# Symbols for the Schools of Magic



## Imagicka (Mar 21, 2007)

Greetings...

Was there any symbols that were associated with the 8 schools of magic? 

If so, what product had these? 

Are they anywhere online?


----------



## Kae'Yoss (Mar 21, 2007)

I (or my DM) had some symbols for the schools for a wizards' brotherhood/PrC in our first campaign. When I get back home, I'll see if I still have the brotherhood's coat-of-arms (with the symbols in it).


----------



## Perun (Mar 21, 2007)

Imagicka said:
			
		

> Greetings...
> 
> Was there any symbols that were associated with the 8 schools of magic?
> 
> ...




The beginning of the Magic chatper in the PH (p. 169) has school symbols on it (see the whole image here).

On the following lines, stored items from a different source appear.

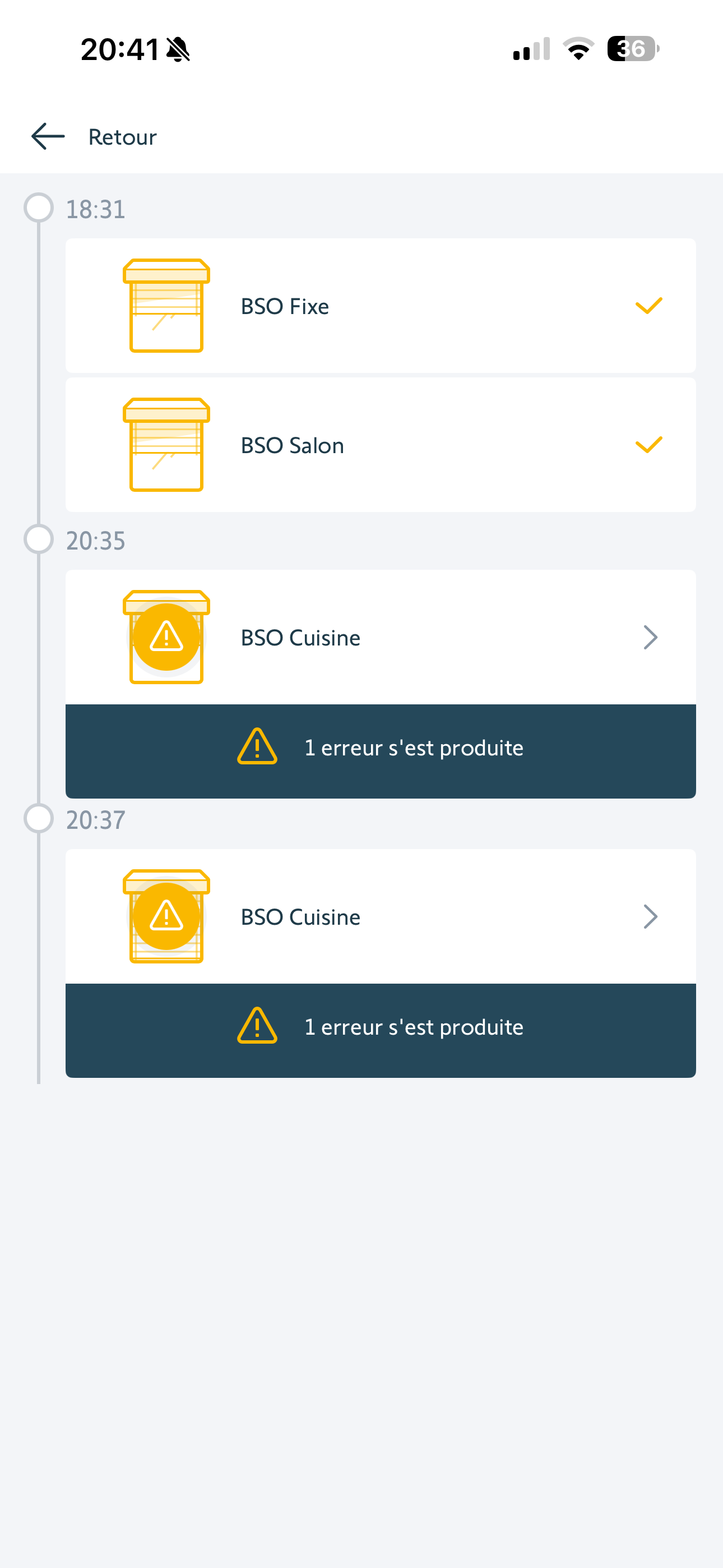 Je ne vois plus d'erreurs dans le pilotage de vos volets.
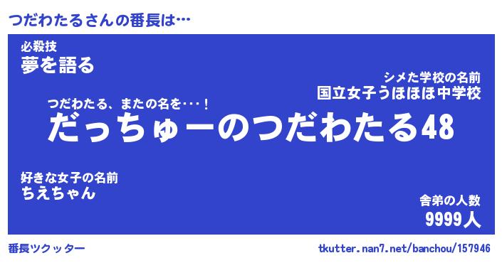| ポケモン風あだ名 | 『ツダチュウ』『ツダワダネ』 |
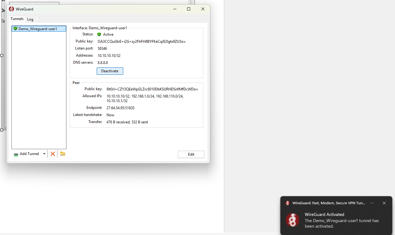 Vậy là điện đã kết nối VPN Wireguard thành công.
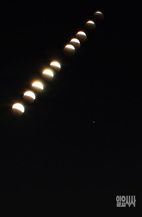 8일 저녁 달이 지구 그림자에 정면으로 가려지는 개기월식이 펼쳐지고 있다. 지난 2011년 이후 3년 만이다. 사진 10장 레이어 합성.
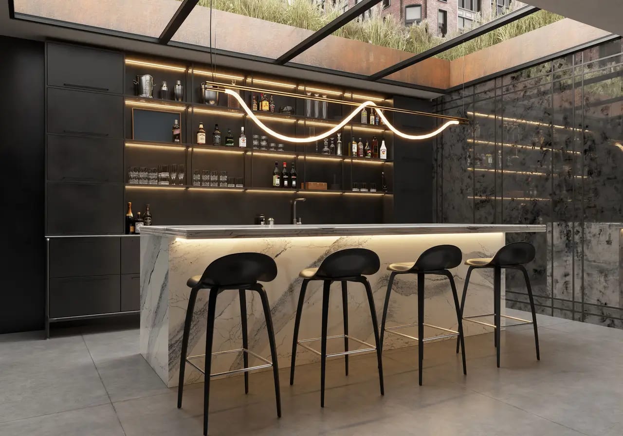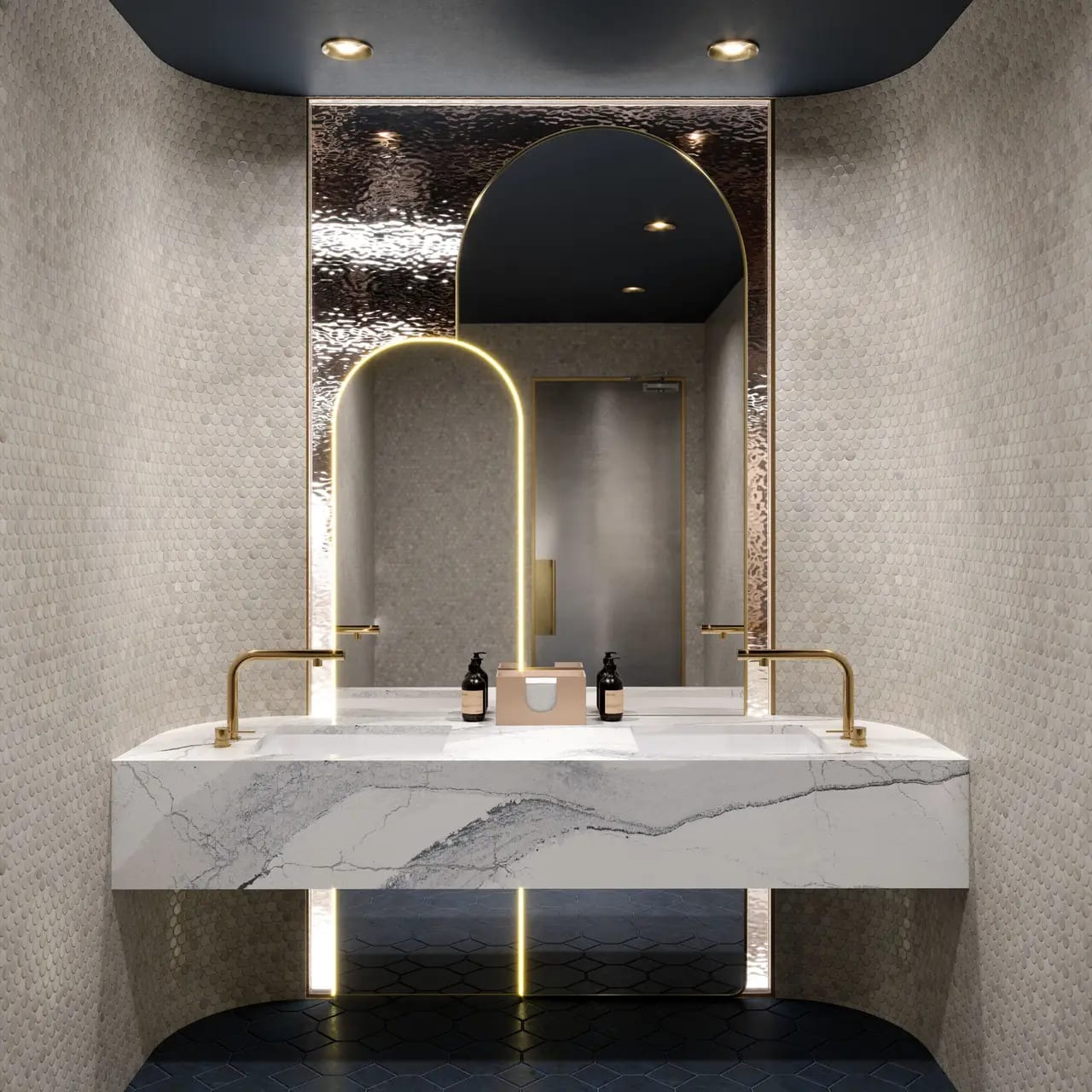 Captivating textures reach new heights—and depths—in this design. Alive with bold movement and balanced texture, the steel-toned colorways ebb and flow like waves against warm honey sand. Steel alloy traces each crest like gleaming sunlight, while cool charcoal contrasts the warm-white debossed Inverness™ veins.
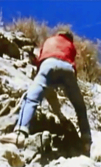 A 15 frame, colour gif focuses on the moving buttocks of a young man in a classic action-adventure scene. This found footage, reworked in this way, evokes the idea of the 'gay gaze' in which men are regarded as sexual objects. 7 June 2025, UK.
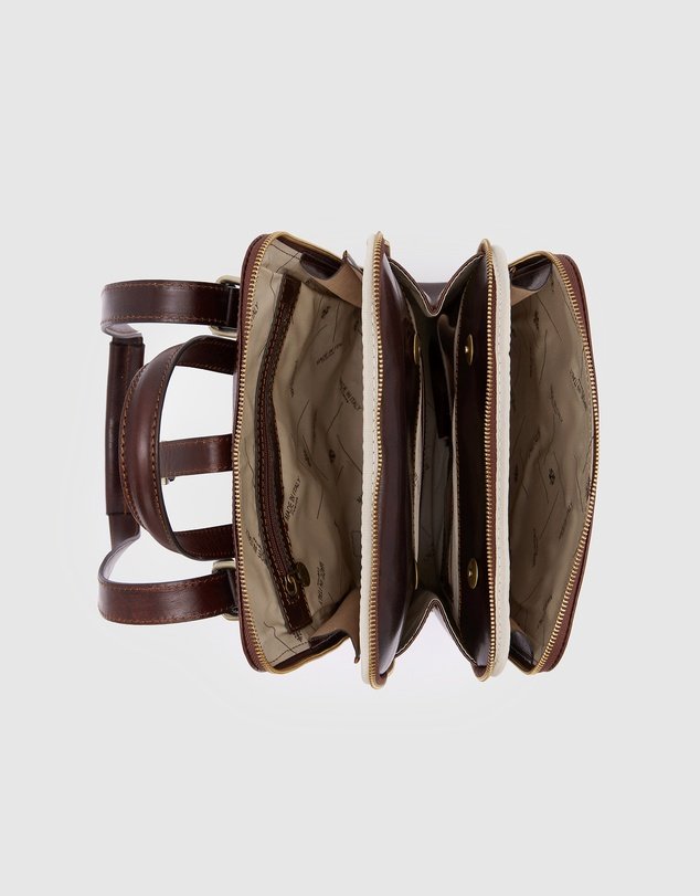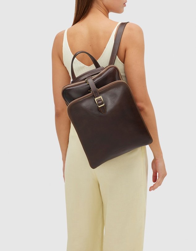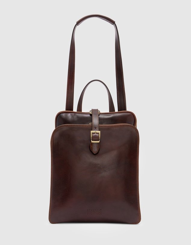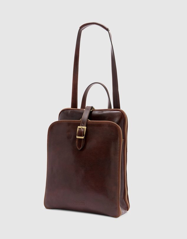 Made in Italy from high-quality leather, the Emma bag from Florence exudes perennial sophistication with its multiple compartments and buckled strap closure. Wear as a backpack or as a shoulder bag by pulling the shoulder straps. Fits most 13′ laptops.
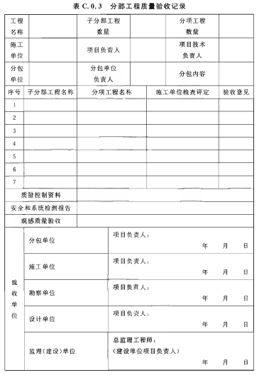 C.0.3 分部工程質(zhì)量驗收記錄應符合表C.0.3的規(guī)定。
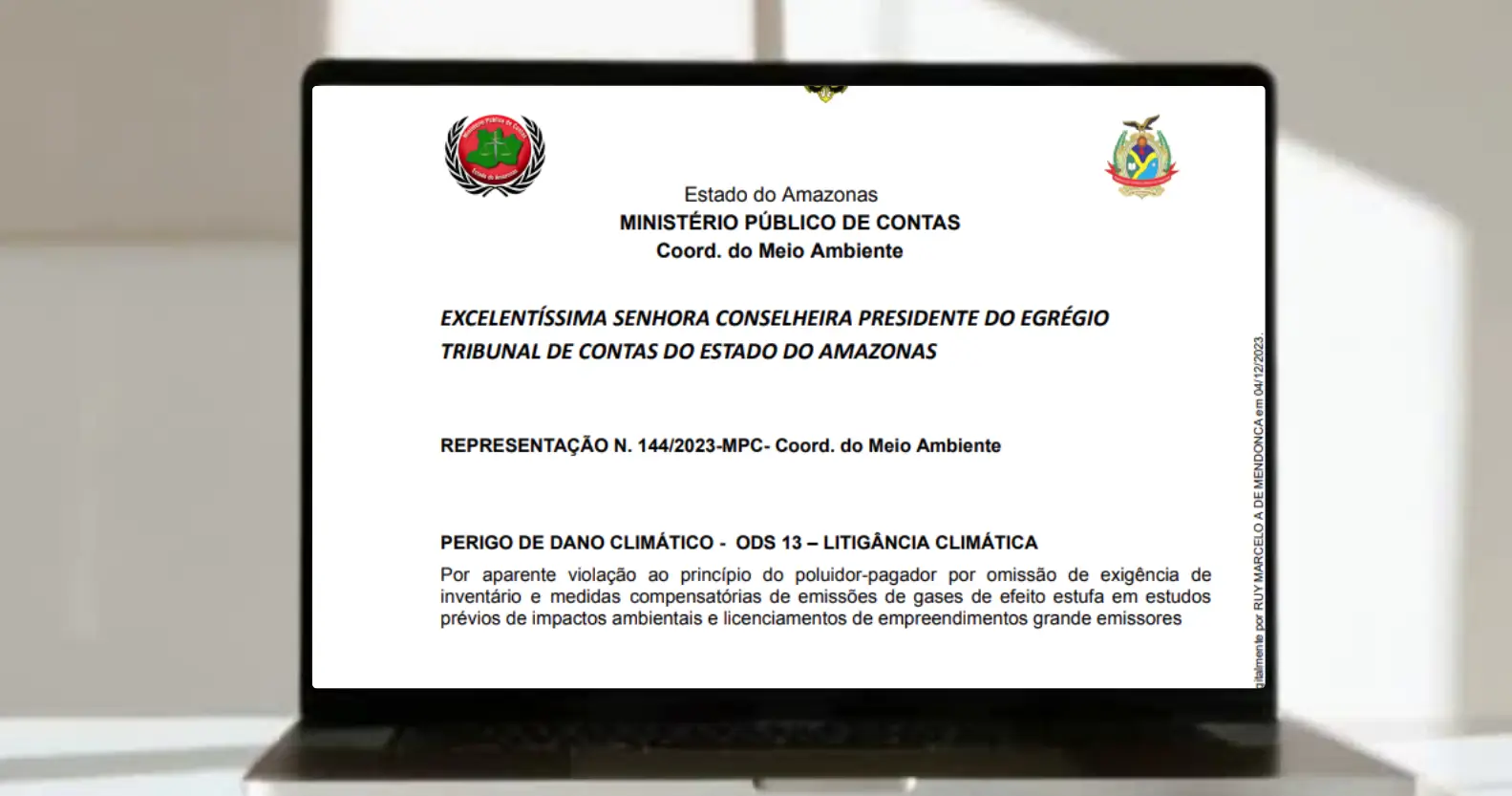 O Ministério Público de Contas do Amazonas (MPC-AM), por meio de sua Coordenadoria do Meio Ambiente, coordenada pelo procurador de contas Ruy Marcelo Alencar de Mendonça, formalizou uma Representação junto ao Tribunal de Contas do Estado do Amazonas (TCE-AM) que resultou na imposição de medidas obrigatórias ao Instituto de Proteção Ambiental do Amazonas (IPAAM) para fiscalizar e controlar grandes emissores de gases de efeito estufa (GEE) no estado.
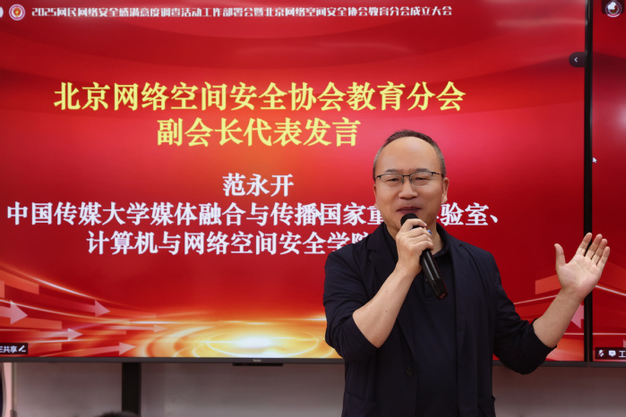 范永开教授作为副会长代表进行发言。他表示,未来将充分发挥学校在传媒与技术交叉领域的优势,推动人才培养与企业合作,开展数据安全、内容安全、传播安全、认知安全等方向的研究工作。同时,着力构建产学研企用一体化的社会责任体系,推动区块链安全、AI安全算法等前沿技术融入公司产品实践,助力破解网络安全人才实战能力不足的行业难题,为网络空间安全事业的高质量发展贡献智慧与力量。
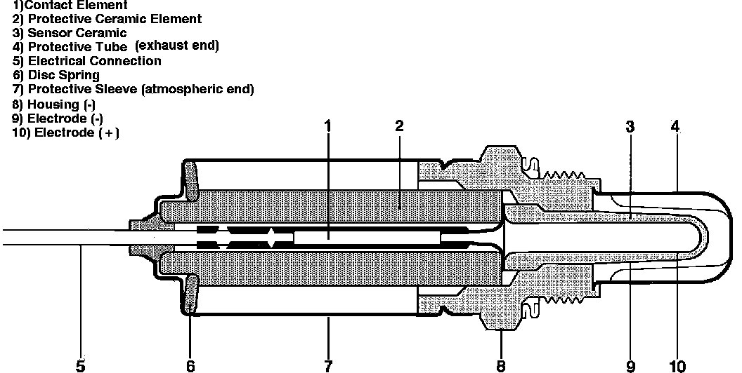 The difference in the amount of oxygen contacting the inner and outer surfaces of the oxygen sensor creates a pressure differential which results in a voltage signal being generated. The amount of voltage produced is determined by combustion efficiency.
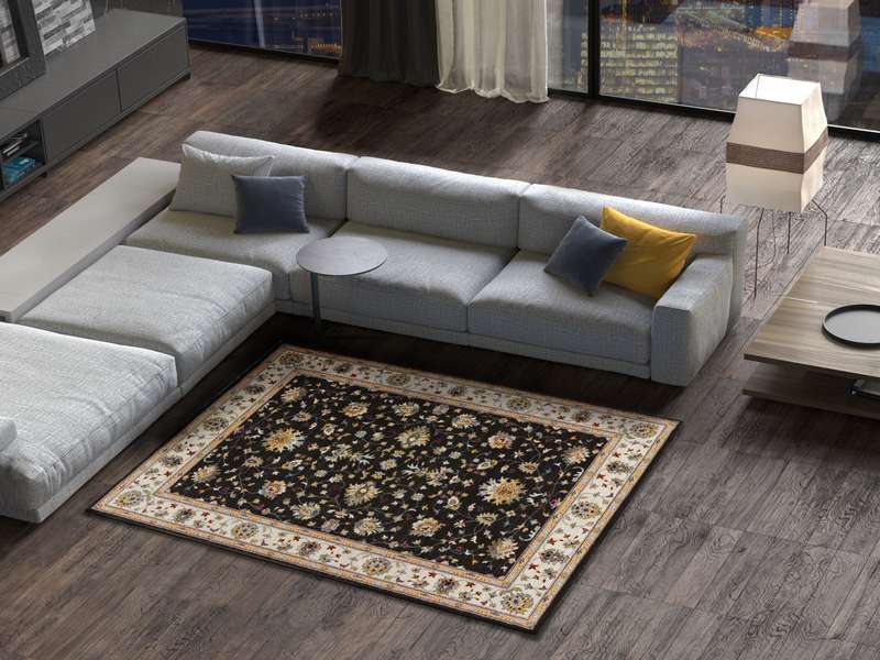 Alfombra Clásica de Diseño Persa y fondo antracita.

These are the same ones that appeared in the black-cover version of the AD&D 2e PHB (see attachment; hope I'm not breaching any CoC by posting it; it's from the 2e Core Rules CD).

Regards.


----------



## Jadeite (Mar 21, 2007)

Dragon 302, page 51, introduced symbols representing the eight schools. They weren't official, though.


----------



## silvermane (Mar 21, 2007)

Based on the image above, quick symbols can be made using the Unicode block characters (U+250A-U+25DB). For example, apply white/black diamond, circle, square and triangle to opposing schools of magic. Not all fonts have them, though.


----------



## Imagicka (Mar 22, 2007)

Greetings...

Thanks for the help.


----------



## Kae'Yoss (Mar 22, 2007)

One possibility is to take some symbols from NWN/NWN2. All the spells have symbols there, you just have to choose some signature spells for each school and use those symbols. That's what we did back then (though it was BG2 then, as NWN was still in the making back then)


----------